+ 16
int *p; *p=&x; is wrong or right ? (x is previously declared) then whats the output
5 Respuestas
+ 2
SRIKANT SAHOO
int *p - here you create a pointer;
when you initialize it, you do not need to prepend it with asterisk (*)
Here is more clear declaration of a pointer that will help you to understand, how it works:
int* p;
It is the same as int *p;
Asterisk is not a part of the variable's name.

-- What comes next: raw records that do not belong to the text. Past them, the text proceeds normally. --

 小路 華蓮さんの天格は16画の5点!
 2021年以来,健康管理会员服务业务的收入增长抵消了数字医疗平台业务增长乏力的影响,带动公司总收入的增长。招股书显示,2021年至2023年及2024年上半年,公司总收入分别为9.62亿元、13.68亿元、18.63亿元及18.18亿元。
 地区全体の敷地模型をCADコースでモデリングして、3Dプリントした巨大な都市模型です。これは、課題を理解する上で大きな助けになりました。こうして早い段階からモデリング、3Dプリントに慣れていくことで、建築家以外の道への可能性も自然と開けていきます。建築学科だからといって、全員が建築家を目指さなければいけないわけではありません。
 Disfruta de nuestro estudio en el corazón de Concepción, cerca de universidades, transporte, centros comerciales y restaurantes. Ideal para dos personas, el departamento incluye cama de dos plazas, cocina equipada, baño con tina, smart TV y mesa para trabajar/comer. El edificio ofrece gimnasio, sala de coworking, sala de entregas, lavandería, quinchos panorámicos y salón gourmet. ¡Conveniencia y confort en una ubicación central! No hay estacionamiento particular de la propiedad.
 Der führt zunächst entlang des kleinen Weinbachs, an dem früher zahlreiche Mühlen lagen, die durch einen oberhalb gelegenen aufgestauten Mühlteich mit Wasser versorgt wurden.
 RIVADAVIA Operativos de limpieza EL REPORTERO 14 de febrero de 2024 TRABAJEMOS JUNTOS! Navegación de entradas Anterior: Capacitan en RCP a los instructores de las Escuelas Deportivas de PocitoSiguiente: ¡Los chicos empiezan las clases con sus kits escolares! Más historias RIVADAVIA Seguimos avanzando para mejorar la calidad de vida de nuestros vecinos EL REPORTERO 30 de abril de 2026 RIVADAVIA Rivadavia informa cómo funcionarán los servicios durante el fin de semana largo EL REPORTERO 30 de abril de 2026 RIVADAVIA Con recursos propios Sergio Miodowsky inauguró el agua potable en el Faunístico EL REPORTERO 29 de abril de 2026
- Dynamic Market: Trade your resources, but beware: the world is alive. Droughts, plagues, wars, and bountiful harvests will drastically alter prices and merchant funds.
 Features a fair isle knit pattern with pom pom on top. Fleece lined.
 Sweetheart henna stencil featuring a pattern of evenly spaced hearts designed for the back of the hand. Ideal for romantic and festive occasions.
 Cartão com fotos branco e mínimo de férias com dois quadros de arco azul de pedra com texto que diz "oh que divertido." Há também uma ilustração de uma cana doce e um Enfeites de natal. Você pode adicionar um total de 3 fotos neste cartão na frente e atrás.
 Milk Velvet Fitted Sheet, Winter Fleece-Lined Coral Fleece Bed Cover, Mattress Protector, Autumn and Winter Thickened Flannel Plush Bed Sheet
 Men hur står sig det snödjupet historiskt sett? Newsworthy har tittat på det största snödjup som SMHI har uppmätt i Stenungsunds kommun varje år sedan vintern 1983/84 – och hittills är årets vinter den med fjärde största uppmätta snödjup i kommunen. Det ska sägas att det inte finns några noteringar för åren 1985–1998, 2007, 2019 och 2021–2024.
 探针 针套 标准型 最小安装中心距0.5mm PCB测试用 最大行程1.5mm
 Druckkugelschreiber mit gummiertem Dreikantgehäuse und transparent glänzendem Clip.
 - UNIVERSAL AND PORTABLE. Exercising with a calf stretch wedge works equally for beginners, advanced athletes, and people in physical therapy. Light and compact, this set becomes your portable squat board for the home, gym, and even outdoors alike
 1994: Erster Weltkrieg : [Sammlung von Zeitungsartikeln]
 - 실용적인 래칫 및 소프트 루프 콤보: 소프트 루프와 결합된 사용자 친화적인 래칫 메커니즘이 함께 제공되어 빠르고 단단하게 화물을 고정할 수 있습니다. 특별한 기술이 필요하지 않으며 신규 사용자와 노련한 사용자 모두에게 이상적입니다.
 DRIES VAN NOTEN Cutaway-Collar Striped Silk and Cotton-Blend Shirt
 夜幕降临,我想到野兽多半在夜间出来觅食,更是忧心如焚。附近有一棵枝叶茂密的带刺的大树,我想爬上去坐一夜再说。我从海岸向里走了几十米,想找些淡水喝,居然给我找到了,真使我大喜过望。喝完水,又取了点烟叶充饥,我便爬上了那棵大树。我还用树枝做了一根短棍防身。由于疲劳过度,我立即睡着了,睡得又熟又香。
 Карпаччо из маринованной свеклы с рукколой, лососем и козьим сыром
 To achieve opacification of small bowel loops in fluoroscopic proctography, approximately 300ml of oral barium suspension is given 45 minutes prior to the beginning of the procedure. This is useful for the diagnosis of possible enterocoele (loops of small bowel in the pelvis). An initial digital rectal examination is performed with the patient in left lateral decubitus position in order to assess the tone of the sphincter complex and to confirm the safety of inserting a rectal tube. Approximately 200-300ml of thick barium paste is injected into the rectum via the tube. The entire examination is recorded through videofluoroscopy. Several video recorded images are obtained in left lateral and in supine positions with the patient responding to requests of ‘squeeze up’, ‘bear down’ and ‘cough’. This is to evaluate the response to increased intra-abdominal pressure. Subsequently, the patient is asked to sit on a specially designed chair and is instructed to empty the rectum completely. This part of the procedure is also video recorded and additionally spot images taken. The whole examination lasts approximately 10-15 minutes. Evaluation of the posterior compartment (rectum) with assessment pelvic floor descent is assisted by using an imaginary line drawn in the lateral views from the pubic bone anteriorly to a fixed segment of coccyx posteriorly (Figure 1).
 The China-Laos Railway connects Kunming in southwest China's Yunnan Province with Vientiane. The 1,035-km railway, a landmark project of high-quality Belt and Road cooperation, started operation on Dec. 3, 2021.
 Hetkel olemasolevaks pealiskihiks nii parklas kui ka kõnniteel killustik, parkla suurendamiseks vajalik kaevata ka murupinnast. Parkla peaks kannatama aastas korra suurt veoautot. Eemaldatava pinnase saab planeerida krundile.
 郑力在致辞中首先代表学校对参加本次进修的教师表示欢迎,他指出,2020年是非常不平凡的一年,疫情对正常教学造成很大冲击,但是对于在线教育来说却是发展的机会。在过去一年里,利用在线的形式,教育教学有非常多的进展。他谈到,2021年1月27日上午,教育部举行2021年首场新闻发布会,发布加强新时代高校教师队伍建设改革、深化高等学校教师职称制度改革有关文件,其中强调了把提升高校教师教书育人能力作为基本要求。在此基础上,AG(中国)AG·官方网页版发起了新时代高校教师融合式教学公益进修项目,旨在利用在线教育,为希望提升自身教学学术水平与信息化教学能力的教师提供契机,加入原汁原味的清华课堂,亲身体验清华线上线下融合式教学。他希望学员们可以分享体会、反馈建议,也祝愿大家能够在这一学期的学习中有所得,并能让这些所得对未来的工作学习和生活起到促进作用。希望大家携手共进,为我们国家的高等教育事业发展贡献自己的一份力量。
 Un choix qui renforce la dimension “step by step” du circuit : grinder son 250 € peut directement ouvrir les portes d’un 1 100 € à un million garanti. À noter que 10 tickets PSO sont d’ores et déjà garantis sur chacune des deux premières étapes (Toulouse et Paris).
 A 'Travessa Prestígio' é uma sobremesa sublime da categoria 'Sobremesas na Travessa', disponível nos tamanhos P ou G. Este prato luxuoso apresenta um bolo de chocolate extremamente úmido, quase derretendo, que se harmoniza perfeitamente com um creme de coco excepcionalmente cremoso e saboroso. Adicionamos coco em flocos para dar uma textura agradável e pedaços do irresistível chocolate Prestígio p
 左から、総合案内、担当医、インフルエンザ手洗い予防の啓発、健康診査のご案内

In general, p gives the address of memory a pointer points to, while *p gives a value stored within.
+ 15
Ipang Steppenwolf Árpád Szabó
so in simple words if
int *p=&x; is possible
then why can't
int *p;
*p=&x; //as it can be thought of an
//assignment statement
isn't possible
and instead p=&x; is needed to be written?
+ 4
int *p = &x;
Two things happen in that line, first, you create int pointer, next you assign it a memory address, in this case the address in memory, allocated for int variable <x>.
int *p;
*p = &x;
You create int pointer, on the next line you assign reference of <x> (which is address of <x>) as a new value for the variable <x> by using the dereference operator. This means assigning an int pointer into an int variable, this triggers invalid conversion error. That's the reason why it didn't work.
Hth, cmiiw
+ 3
Tested the code in Code Playground, sorry to say, what you did there is not valid, I get invalid conversion on "*p=&x;" why? because you are assigning a variable x's address (int*) as data for pointer p (int).
0
int *p;
p = &x;
If you try to print out p, it will print x's value.
Explanation: p is a pointer to the memory address that stores the value of an x variable.